NEW YORK — A crowd of about 2,000 filled part of New York’s Times Square to cheer the U.S. World Cup team during a televised send-off pep rally Friday night.
NEW YORK — A crowd of about 2,000 filled part of New York’s Times Square to cheer the U.S. World Cup team during a televised send-off pep rally Friday night.
Fans chanted “U-S-A!” “I believe that we will win!” and “When the Yanks go marching in” after the 23 American players arrived in a red-white-and-blue bus with “One Nation. One Team.” in huge letters.
“We’re excited about going down to the World Cup and doing something special,” U.S. captain Clint Dempsey said.
Many of the fans who filled Broadway between 42nd and 43rd Streets wore American jerseys, and some held up signs with players’ names and photos. One raised a gold-colored replica World Cup.
Players, wearing red shirts, black shorts and black windbreakers, signed autographs and took selfies with supporters.

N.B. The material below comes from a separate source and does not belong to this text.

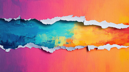A striking abstract image featuring vibrant colors with torn paper edges, creating a dynamic and creative background for various artistic projects.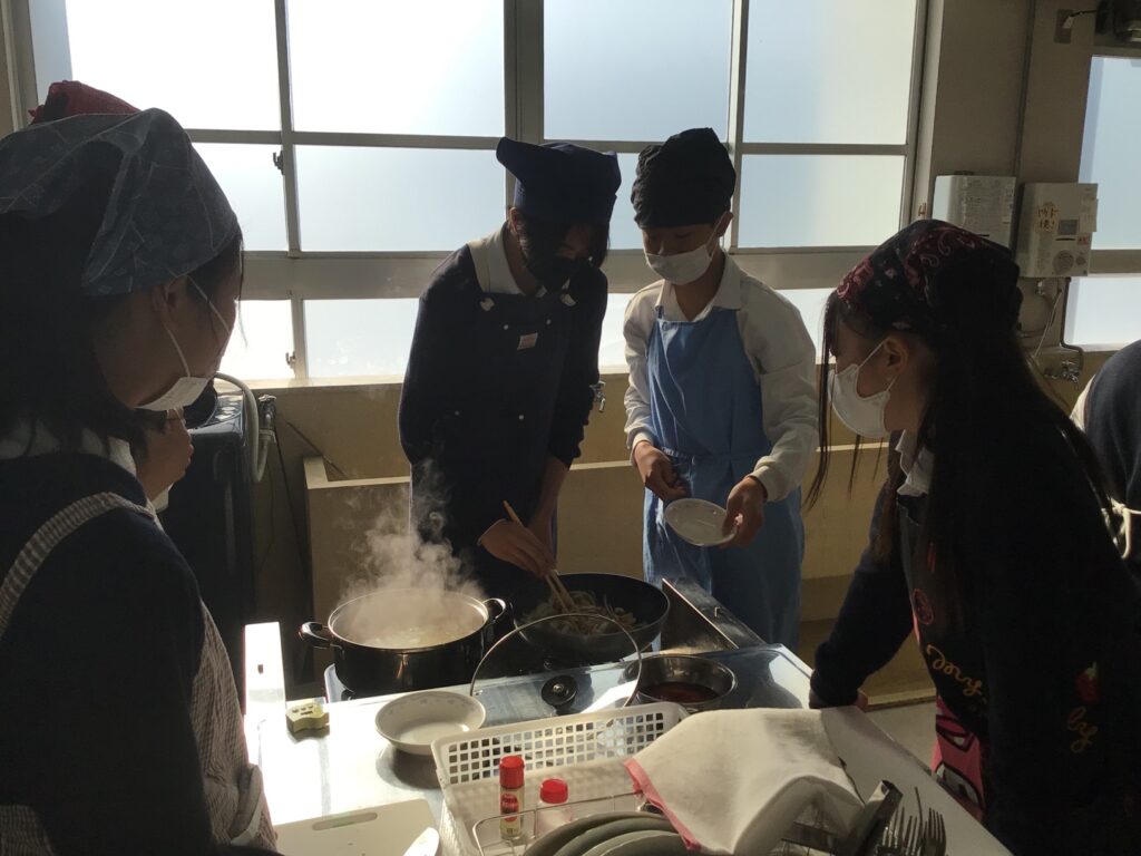 各班で、材料を切る人、炒める人、盛り付ける人など役割を分担し、声をかけ合いながら協力して調理を進めました。麺のゆで加減や味付けを相談する姿からは、主体的に学ぶ姿勢や仲間を大切にする気持ちが感じられ、どの班も楽しそうに取り組んでいました。仕上がったナポリタンはどれもおいしく、達成感に笑顔が広がる時間となりました。

Midfielder Mix Diskerud, sporting a New York Yankees cap, was among the players who sat on the front of the stage and waved to fans.
ESPN, which broadcast the rally, played an animation of midfielder Kyle Beckerman scoring a winning overtime goal in the World Cup final followed by Dempsey lifting the trophy.
“It’s wonderful because it gives you a sense that we’re getting closer and closer to the World Cup,” said U.S. coach Jurgen Klinsmann, who as a player helped Germany win the 1990 tournament. “You just count the days. You want to get down there and get this thing started.”
The Americans have home exhibition games against Turkey on Sunday at Harrison, New Jersey, and Nigeria on June 7 at Jacksonville, Florida. They leave the following day for Brazil and their seventh straight World Cup appearance.
In perhaps the toughest first-round group, they open June 16 in Natal with a Bloomsday game against Ghana, the nation that eliminated the U.S. in the last two World Cups. Klinsmann said “it’s pretty much like a knockout game” and “we want we want to make them clear stepping on the field that it’s our game.”
“We got to look at a payback. We’ve got to make sure we get the right result,” Dempsey said, sparking chants of “Beat Ghana!”
Six days later, the Americans play Portugal and FIFA Player of the Year Cristiano Ronaldo in the Amazon jungle city of Manaus.
“It’s going to be all of us trying to get around Ronaldo, pressure him, make him give up the ball,” said goalkeeper Tim Howard, a former teammate of the star forward on Manchester United.
The U.S. closes the group stage on June 26 in the northern beach city of Recife against three-time champion Germany, which defeated the Americans in the first round in 1998 — with Klinsmann scoring — and in a 2002 quarterfinal.